● **EXERCISE INSTRUCTIONS**: Leave the pictures out. Transcribe exactly every line from the start of the records through the one containing "Barrier Post with".
++++ RECORDS PROVIDED ++++
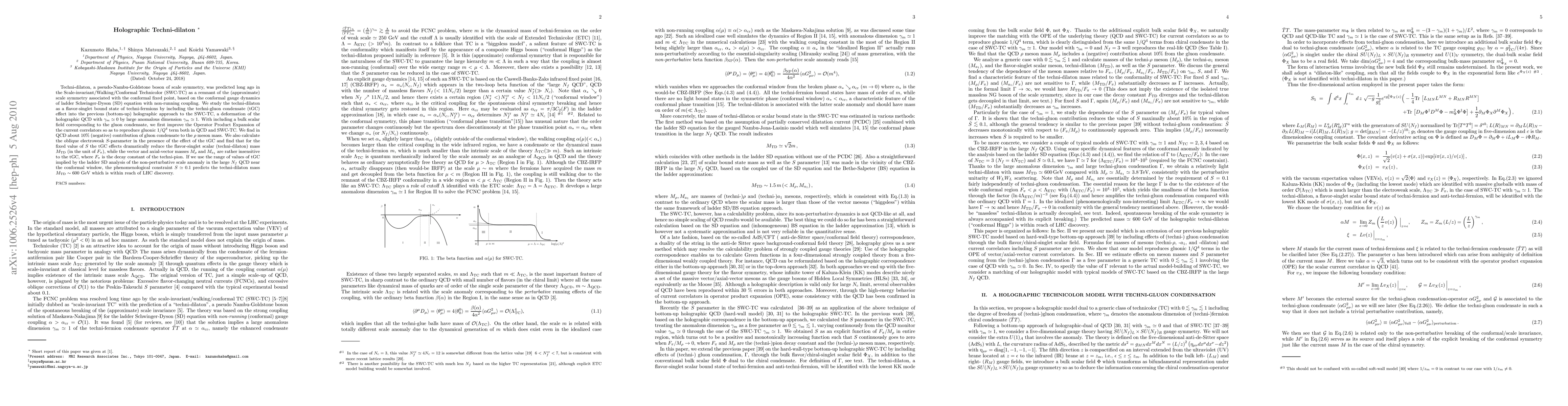 This paper explores the techni-dilaton, a pseudo-Nambu-Goldstone boson from scale symmetry, within a holographic approach incorporating techni-gluon condensate effects. It finds that the techni-dilaton's mass can be significantly reduced by these effects, predicting a mass of around 600 GeV, potentially observable at the LHC.
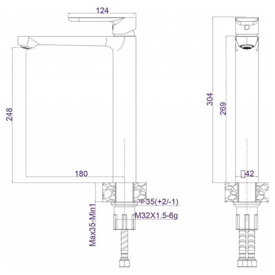 - Обща височина на смесителя: 304 мм
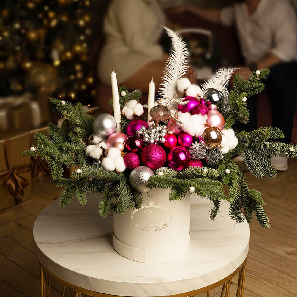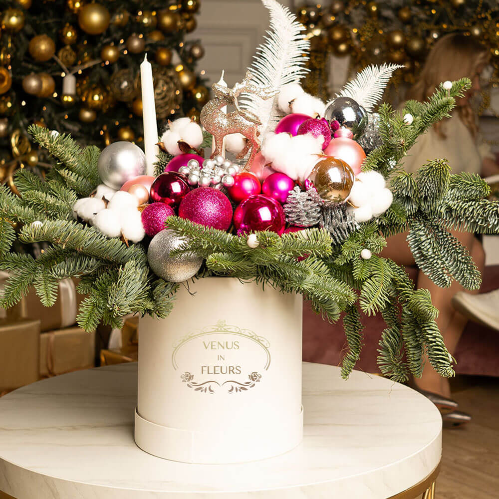 2. Новогодний букет будет радовать вас на протяжении всех новогодних праздников, цветы в коробке при поливе хранятся от 7 до 14 дней.
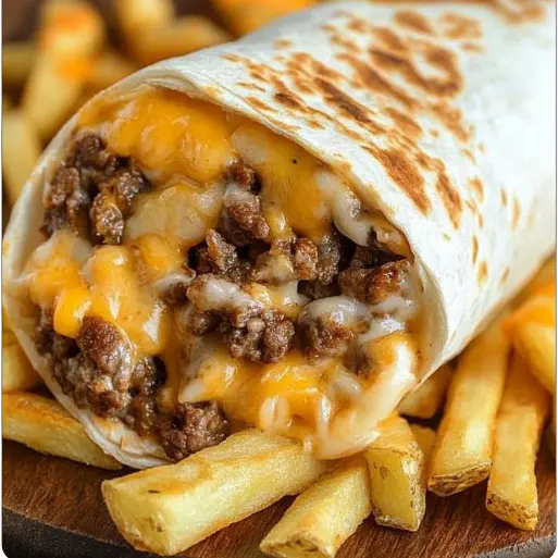 A hearty and satisfying wrap filled with seasoned ground beef, crispy fries, and a creamy cheese sauce. Perfect for a quick and delicious meal.
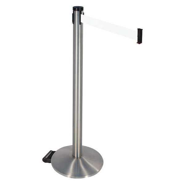 Barrier Post with Belt, Maximum Overall Height 40 in, Legend No Legend, Legend Color Not Applicable, Number of Belts 1, Belt Length 10 ft, Belt Width 2 in, Belt Color White, Post Color Gray, Product Type Stanchion, Includes (2) Wheels, Minimum Overall Height Not Applicable, Post Diameter 2 1/2 in, Post Material Aluminum, Post Finish Satin Stainless Steel, Base Type Round Sloped, Base Diameter 14 in, Base Material Cast Iron, Base Finish Satin Chrome, Base Color Not Applicable, ADA Compliance No
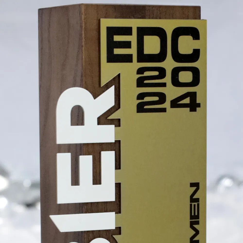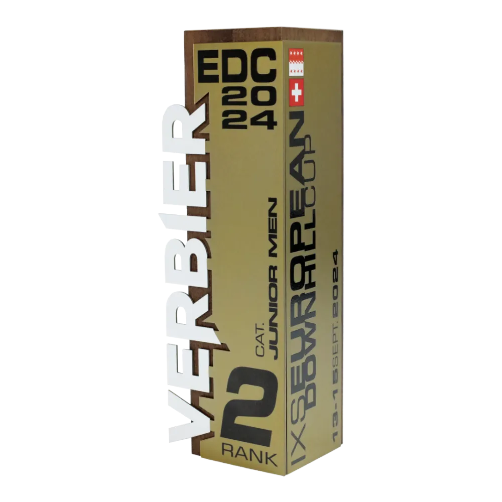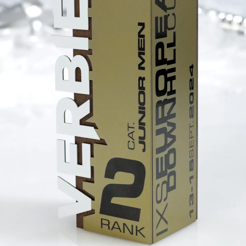 Il premio ciclismo progettato per l'IXS European Downhill Cup combina legno e metallo, conferendogli un aspetto moderno ma elegante. La base in legno fornisce una solida fondazione, su cui sono montati elementi in metallo tagliati al laser, creando un chiaro effetto tridimensionale. Il trofeo presenta grafiche realizzate con stampa UV, garantendo che i colori siano vibranti e duraturi.
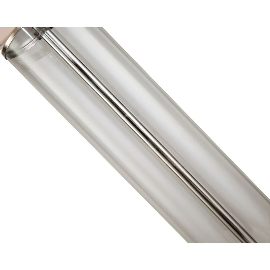 • ✦ Clear glass body with polished nickel detailing
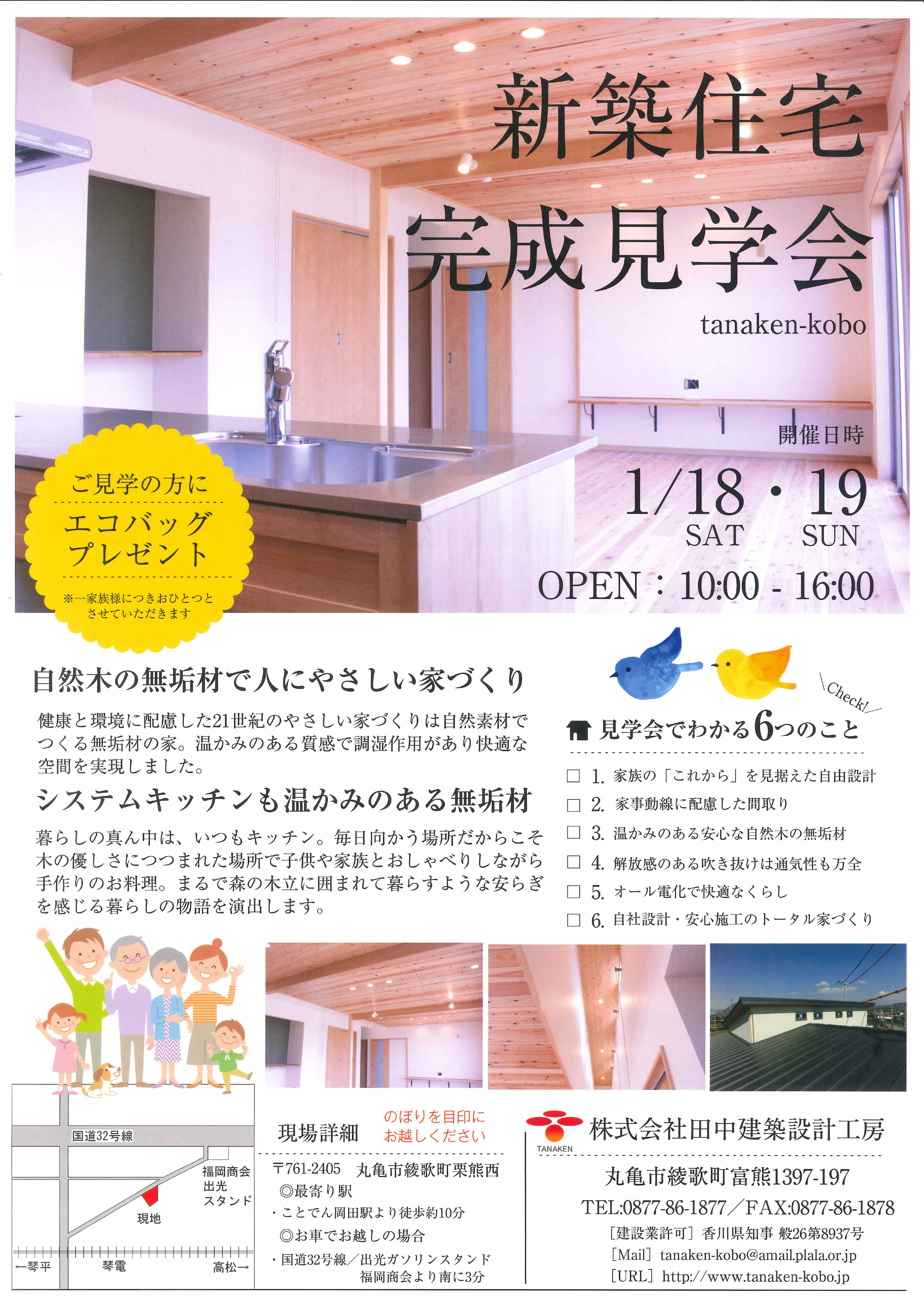 2020年1月18日(土)・19日(日)丸亀市綾歌町栗熊西にて新築住宅完成見学を行います。
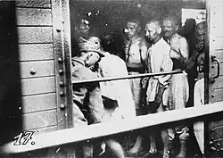 On the evening of the next day, 28 June 1941, army groups, the local police, gendarmes, German soldiers attached to the Romanian army, and ad-hoc mobs incited by the media and the secret services descended upon the Jewish population of the city which was accused to have pro-Soviet sympathies, had armed itself and was attacking the army, and even had signalled enemy planes where to attack. At 9 pm, shots were heard throughout the city and pillaging, rape, and murder of the Jews started. On 29 June the survivors where taken to the train stations, having to walk through the streets filled with dead bodies. There, they were forced into train cargo wagons.[21] In the heat of the summer, with no water or food, and crammed against each other, most of them died before reaching the destination. A survivor recalled:
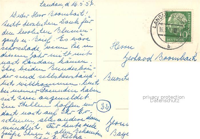 73081734 alte Postkarte Landau Pfalz Festhalle postalisch gelaufen Erhaltung siehe scans [LiesaD40] KatCode: 11110007313000
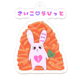 ちょっと病んでるサイコなうさぎです。 リボン型のピアスと包帯がお気に入り。 よく見ると積み上げられたニンジンにはリスカの跡が…。 この商品はpixivFACTORYで作られた商品です。サンプル画像は完成イメージのため、実物と異なる場合があります。
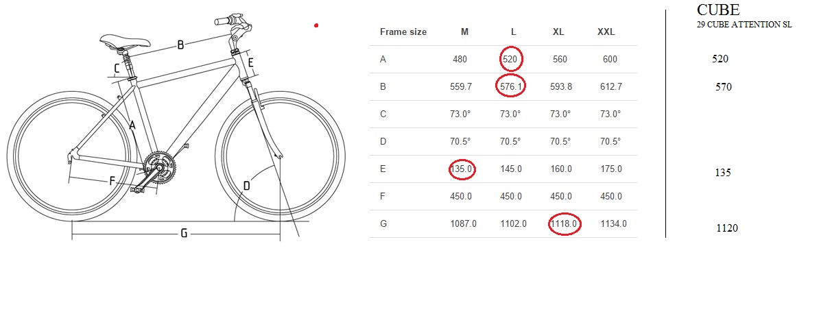 Здравейте! Нов съм във форума и искам предварително да се извиня, ако пускам темата не където трябва. Закупих си байк CUBE ATTENIOV SL 29 от интернет. Просто не издържах на офертата, а и търсех точно това.Много ме кефи колелото, но имам няколко питанки. Размера уж е L. Измерих колелото и го сравних с посочената таблица в един електронен магазин за велосипеди. Моите размери съм ги дал в дясно и съм оградил в червено горе долу къде се намират по таблицата. Според вас какъв размер е велосипеда по така измерените размери? На рамката ме шокира надписа XXL. Иначе като го прекрача и между рамката и четала ми има около два пръста разстояние. За първи път карам планински велосипед. Преди доста години имах шосеен и доста го разтривах, но от известно време бях поспрял с колоезденето. Сега реших отново да възобновя карането , и на първа среща с новото колело излязоха тези въпроси. Колелото няма да се кара много екстремно/ предимно по вело алеи и черни пътища за разходка/Висок съм 185 см. и според мен отговарям на размер L. Това XXL ме изненадва откъде идва при тези измерени размери. Благодаря предварително.
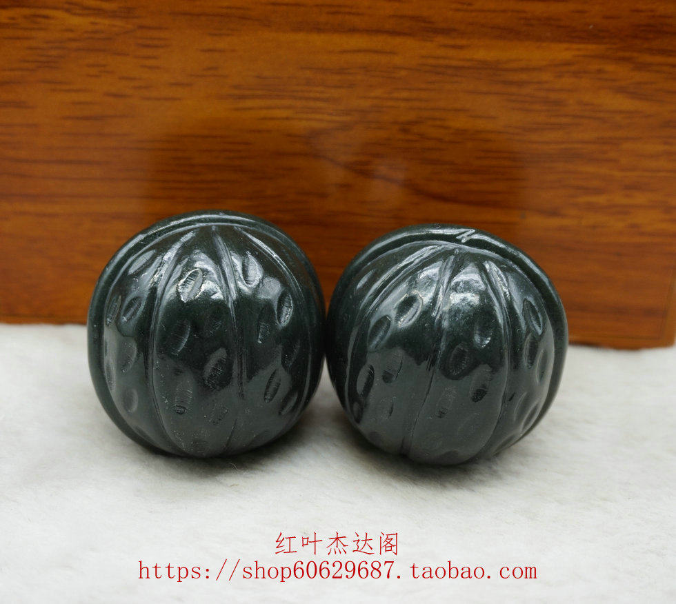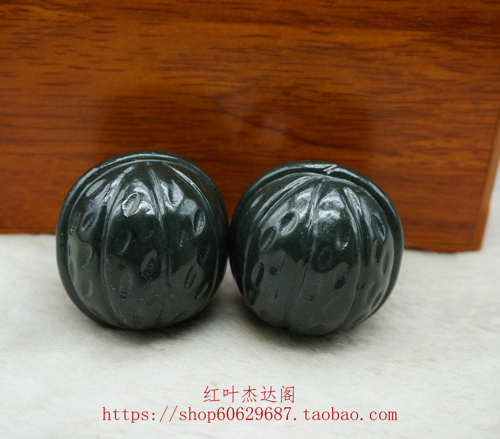 天然玉器天然和田玉青玉精工核桃手把件男士款手玩件送证书送挂绳 - 红叶杰达阁
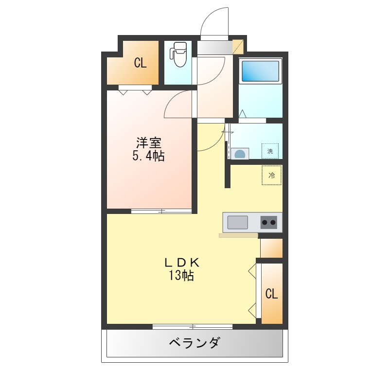 | 間取り詳細 | LDK 13畳 、 洋室 5.4畳 |
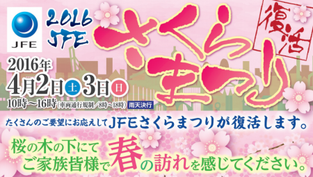 なでしこリーグ観戦の帰りに、JFEさくらまつり2016に寄ってみました。普段は入れない、JFEスチール研究所の敷地内に入る事がで花見ができるとのことでした。
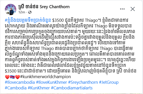 ឧកញ៉ា ស្រី ចាន់ថន បានបន្ថែមថា៖ «បើយោងទៅតាមភ្នាក់ងាររបស់កីឡាករ Thiago គាត់បានបញ្ជាក់ថាកីឡាករ Thiago បានធ្វើតាមល័ក្ខខ័ណ្ឌទាំងអស់ទាំងមុននិងក្រោយពេលប្រកួត។ ពោលគឺគាត់បានគោរពតាមកាតព្វកិច្ចរបស់គាត់ទាំងអស់ក្នុងកិច្ចការងារឡើងប្រកួតមួយនេះ។ ហេតុដូច្នេះហើយពេលនេះ ម៉ោងនេះ វាគឺជាពេលវេលាដែលខ្ញុំត្រូវជួយគាត់នៅចំនួនទឹកប្រាក់ ៣៥០០ដុល្លារ នេះជាដាច់ខាត។ ដោយក្តីគោរព និងស្រលាញ់បំផុតពីខ្ញុំបាទ ស្រី ចាន់ថន ៕ » ប្រភព៖ ស្រី ចាន់ថន Srey Chanthorn
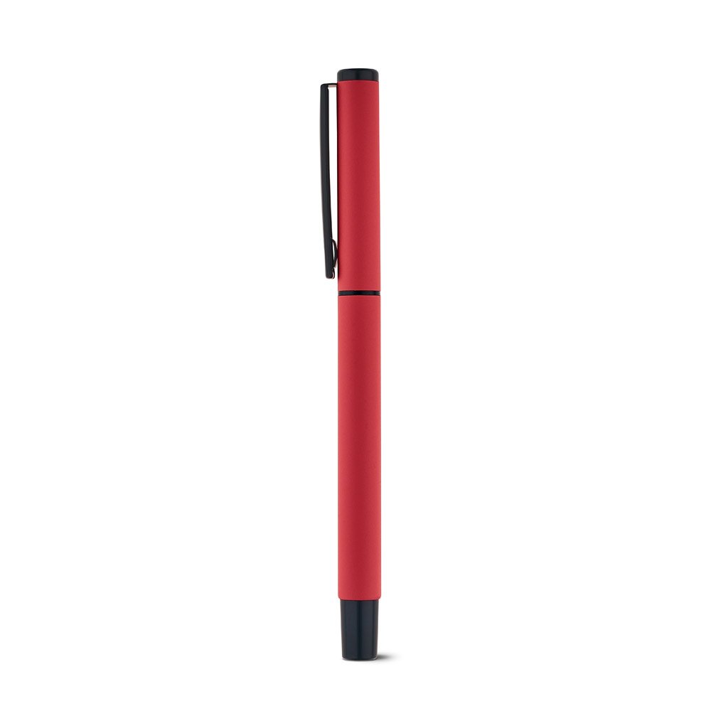 Roller em alumínio com clipe de metal e acabamento emborrachado. Escrita em preto. ø10 x 136 mm
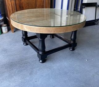Vends table basse ronde en bois relooké Pieds noirs et plateau bois épais Table basse assez lourde Plateau en verre sur le dessus s'enlève Pas d'envoi ni de paiement en
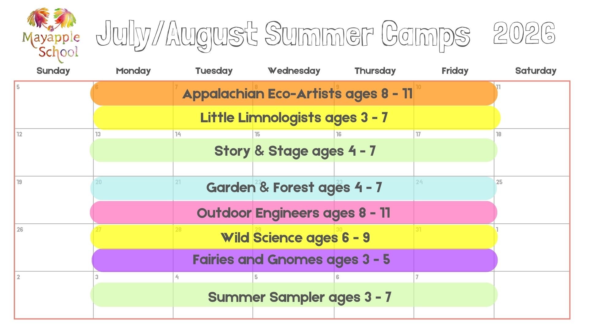 Take a look at this Summer’s camps at The Mayapple School at 2895 Old Fort Rd, near our beloved Price Park and start dreaming about summer fun!
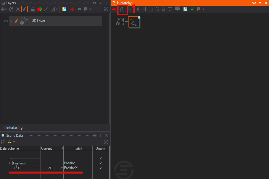 When working with a static template such as a plain background image, there is no animation and therefore no state where to edit the properties. To reach the Template Data, as they are described in the section above, you need to add a minimum of one property of the node that is inside the Template scene and add it to the Scene data. After that you can access the Template Data by going above the Layer level and clicking on a empty spot inside the Content Editor. Now you should see the Template Data inside the Property Editor.
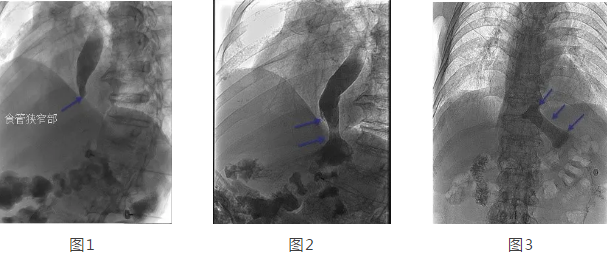 在韓國(guó)宏教授的帶領(lǐng)下,專(zhuān)家團(tuán)隊(duì)經(jīng)多方面評(píng)估后,決定在DSA下為劉大爺行食管造影 食管支架置入術(shù)。術(shù)中透視可見(jiàn)食管中上段擴(kuò)張明顯,食管下端賁門(mén)口明顯狹窄,造影劑淤積,呈線(xiàn)性緩慢進(jìn)入胃腔(見(jiàn)圖1),經(jīng)過(guò)準(zhǔn)確定位后,釋放食管支架,再次造影可見(jiàn)造影劑經(jīng)支架順利進(jìn)入胃腔(見(jiàn)圖2)。2天后再次造影見(jiàn)食管支架完全打開(kāi),位置正常,造影劑可順利通過(guò)支架(見(jiàn)圖3)。
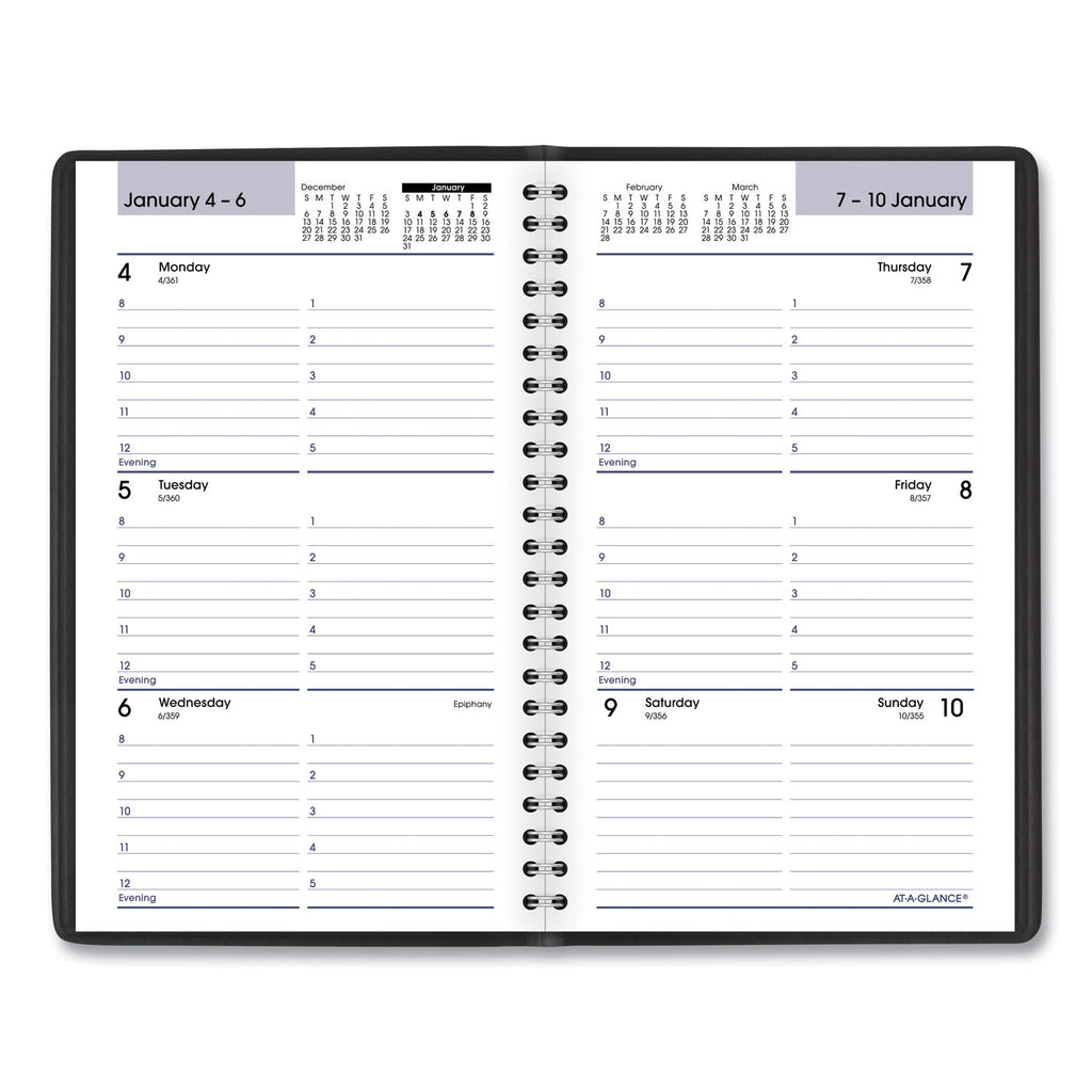 - One week per two-page spread; block-style appointments; past, current and two future months reference.
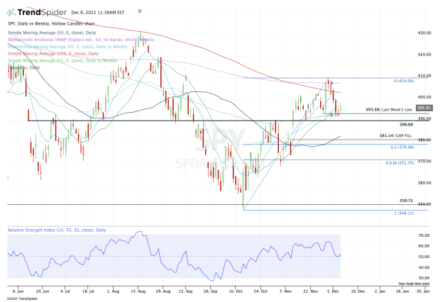 On the plus side, the SPY is holding the 10-week and 21-week moving averages, and is staying above last week’s low of $393.30.
++++
● **EXERCISE RESULT**:
 This paper explores the techni-dilaton, a pseudo-Nambu-Goldstone boson from scale symmetry, within a holographic approach incorporating techni-gluon condensate effects. It finds that the techni-dilaton's mass can be significantly reduced by these effects, predicting a mass of around 600 GeV, potentially observable at the LHC.
 - Обща височина на смесителя: 304 мм
 2. Новогодний букет будет радовать вас на протяжении всех новогодних праздников, цветы в коробке при поливе хранятся от 7 до 14 дней.
 A hearty and satisfying wrap filled with seasoned ground beef, crispy fries, and a creamy cheese sauce. Perfect for a quick and delicious meal.
 Barrier Post with Belt, Maximum Overall Height 40 in, Legend No Legend, Legend Color Not Applicable, Number of Belts 1, Belt Length 10 ft, Belt Width 2 in, Belt Color White, Post Color Gray, Product Type Stanchion, Includes (2) Wheels, Minimum Overall Height Not Applicable, Post Diameter 2 1/2 in, Post Material Aluminum, Post Finish Satin Stainless Steel, Base Type Round Sloped, Base Diameter 14 in, Base Material Cast Iron, Base Finish Satin Chrome, Base Color Not Applicable, ADA Compliance No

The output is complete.